The company also confirmed rumours that it will not include a charging brick or headphones in the package, citing environmental concerns and the fact that most consumers will already have these accessories from their older models.

This move has received criticism for not coming with a price decrease despite the elimination of these components, although reports from industry insiders suggest that the 5G chips included in the new phones have pushed the cost of manufacturing up by at least $75 (£58).

Apple also expanded its smart speaker range at the event with a new, smaller and cheaper version of its HomePod that could compete with Google’s Nest Mini and Amazon’s Echo dot.
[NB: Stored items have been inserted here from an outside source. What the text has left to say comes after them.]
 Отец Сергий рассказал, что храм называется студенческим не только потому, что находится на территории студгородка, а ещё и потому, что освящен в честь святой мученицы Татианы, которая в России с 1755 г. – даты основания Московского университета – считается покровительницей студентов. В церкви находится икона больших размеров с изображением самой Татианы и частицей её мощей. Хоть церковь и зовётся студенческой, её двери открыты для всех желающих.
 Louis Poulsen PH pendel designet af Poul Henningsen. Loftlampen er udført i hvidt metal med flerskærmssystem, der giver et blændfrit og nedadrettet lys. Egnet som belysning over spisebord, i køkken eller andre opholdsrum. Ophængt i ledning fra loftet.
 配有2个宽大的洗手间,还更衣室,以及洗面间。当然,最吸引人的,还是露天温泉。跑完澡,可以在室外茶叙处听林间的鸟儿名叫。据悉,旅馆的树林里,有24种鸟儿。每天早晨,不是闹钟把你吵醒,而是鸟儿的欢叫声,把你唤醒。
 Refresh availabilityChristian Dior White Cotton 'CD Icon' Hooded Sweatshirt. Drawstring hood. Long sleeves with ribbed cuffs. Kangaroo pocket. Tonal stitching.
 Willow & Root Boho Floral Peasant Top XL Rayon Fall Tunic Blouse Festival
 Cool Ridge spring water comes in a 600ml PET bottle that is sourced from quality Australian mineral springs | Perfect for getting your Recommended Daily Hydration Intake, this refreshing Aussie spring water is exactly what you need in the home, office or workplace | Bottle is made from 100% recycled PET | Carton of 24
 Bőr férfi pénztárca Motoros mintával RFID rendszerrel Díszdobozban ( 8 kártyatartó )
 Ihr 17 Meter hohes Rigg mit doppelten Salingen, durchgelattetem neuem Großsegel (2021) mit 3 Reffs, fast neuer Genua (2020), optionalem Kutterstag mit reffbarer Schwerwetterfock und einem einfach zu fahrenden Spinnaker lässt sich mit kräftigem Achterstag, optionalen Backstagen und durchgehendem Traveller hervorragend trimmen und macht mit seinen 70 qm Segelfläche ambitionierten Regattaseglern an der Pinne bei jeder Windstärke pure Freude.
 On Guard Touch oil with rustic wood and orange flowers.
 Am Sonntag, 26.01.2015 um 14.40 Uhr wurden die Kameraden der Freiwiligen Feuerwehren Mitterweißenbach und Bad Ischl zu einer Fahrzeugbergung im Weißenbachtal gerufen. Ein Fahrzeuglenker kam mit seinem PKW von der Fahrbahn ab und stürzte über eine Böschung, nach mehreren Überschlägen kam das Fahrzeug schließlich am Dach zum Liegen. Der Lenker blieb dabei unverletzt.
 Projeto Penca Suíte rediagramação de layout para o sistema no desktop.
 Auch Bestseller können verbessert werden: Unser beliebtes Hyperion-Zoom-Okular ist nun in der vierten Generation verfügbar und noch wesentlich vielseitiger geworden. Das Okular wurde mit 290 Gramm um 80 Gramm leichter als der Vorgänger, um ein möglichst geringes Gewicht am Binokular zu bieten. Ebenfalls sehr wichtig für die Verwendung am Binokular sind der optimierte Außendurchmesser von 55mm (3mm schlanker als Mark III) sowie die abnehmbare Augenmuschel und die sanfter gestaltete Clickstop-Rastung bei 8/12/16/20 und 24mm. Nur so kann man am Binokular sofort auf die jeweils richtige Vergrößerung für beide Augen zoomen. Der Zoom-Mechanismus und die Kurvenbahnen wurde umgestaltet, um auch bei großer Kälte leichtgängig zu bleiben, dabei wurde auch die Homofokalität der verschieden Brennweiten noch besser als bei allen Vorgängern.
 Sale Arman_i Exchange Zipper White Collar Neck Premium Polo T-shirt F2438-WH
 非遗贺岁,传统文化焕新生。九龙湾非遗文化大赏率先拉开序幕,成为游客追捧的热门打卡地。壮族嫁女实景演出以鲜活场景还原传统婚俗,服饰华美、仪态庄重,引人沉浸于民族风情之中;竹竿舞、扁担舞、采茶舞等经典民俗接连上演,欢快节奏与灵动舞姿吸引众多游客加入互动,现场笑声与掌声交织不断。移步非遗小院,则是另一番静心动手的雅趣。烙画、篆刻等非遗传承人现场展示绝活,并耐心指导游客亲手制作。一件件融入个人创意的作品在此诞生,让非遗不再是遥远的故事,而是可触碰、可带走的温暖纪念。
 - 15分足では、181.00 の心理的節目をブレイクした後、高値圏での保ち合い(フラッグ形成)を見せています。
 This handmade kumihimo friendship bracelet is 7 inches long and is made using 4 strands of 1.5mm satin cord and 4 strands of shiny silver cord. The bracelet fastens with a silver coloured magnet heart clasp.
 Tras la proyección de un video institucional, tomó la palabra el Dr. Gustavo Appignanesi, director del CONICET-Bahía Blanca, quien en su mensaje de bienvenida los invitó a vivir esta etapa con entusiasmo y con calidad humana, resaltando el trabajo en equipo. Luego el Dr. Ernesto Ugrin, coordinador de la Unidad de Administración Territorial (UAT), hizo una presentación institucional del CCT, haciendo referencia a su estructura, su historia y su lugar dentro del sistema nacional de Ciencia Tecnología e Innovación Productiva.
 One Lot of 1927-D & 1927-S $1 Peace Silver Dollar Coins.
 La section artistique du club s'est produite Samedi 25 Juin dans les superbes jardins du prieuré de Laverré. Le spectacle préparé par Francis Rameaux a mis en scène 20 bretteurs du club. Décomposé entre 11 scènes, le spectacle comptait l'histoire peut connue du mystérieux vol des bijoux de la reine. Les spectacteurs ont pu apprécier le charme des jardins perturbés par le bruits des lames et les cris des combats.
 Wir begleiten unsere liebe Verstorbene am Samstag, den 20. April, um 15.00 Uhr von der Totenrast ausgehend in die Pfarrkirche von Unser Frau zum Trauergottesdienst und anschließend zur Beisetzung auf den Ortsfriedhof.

The new HomePod mini will cost £99 and includes the same voice control features as the full-size HomePod, carried out through virtual assistant, Siri. At just under 8.5cm tall, the device boasts a new Intercom system which allows users to send voice messages from one HomePod to another around a home, as well as to other Apple devices such as the iPhone, Apple Watch and AirPods.

A hand-off feature also enables iPhone users to bring their smartphone close to the HomePod to hand over audio playing on the phone to the speaker.

Several mini units can also be paired together around the home and play audio in multiple rooms, while placing two HomePod mini speakers in the same room will create a stereo pairing.

Ru Bhikha, mobiles expert at Uswitch.com said that bringing 5G technology to the iPhone 12 is likely to make many more people aware of the new network standard.

“Before this launch, 16 per cent of consumers said they were planning to upgrade to a 5G smartphone in the next year,” he said. “The industry will be hoping that this iPhone will spur thousands more people to make the leap to 5G.”

Ben Wood, chief of research at CCS Insight, agreed that Apple’s embrace of the technology was a crucial landmark in the rollout of 5G: “Although 5G devices have been available from pretty much every other smartphone-maker for over a year, there’s a strong argument that this line-up of 5G-enabled iPhones will be the market-maker for the technology,” he said.

“Inevitably, the iPhone 12 will mark the real start of 5G for the consumer mass market.”

“Samsung and several Android phone-makers may have had an 18-month head start, but the limitations of early 5G devices, coupled with the time needed to expand network coverage, have meant momentum is still building. Apple is following its playbook by timing this launch for when the market is ready, rather than the technology.”